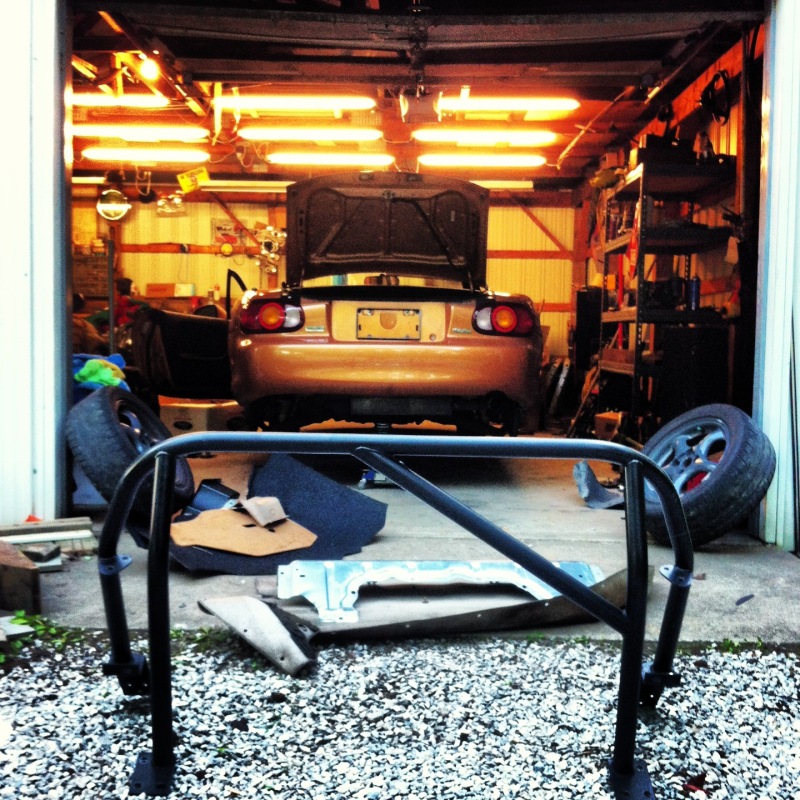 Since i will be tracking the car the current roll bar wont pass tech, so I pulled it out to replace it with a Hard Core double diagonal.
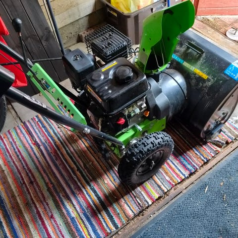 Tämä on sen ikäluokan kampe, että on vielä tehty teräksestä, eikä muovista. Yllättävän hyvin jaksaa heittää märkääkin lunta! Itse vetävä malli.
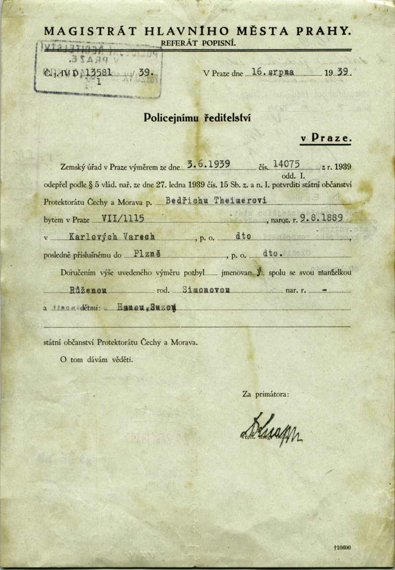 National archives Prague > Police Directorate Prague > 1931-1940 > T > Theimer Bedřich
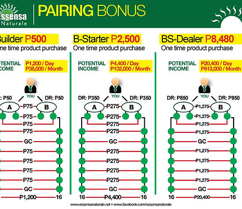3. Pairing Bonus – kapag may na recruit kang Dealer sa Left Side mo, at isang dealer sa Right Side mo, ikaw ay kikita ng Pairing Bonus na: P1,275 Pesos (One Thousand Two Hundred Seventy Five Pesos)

**Assignment**
Write out the lines from the start of the material to the line with "Tämä on sen", inclusive and exactly. Skip the pictures.

**Answer space**
 Since i will be tracking the car the current roll bar wont pass tech, so I pulled it out to replace it with a Hard Core double diagonal.
 Tämä on sen ikäluokan kampe, että on vielä tehty teräksestä, eikä muovista. Yllättävän hyvin jaksaa heittää märkääkin lunta! Itse vetävä malli.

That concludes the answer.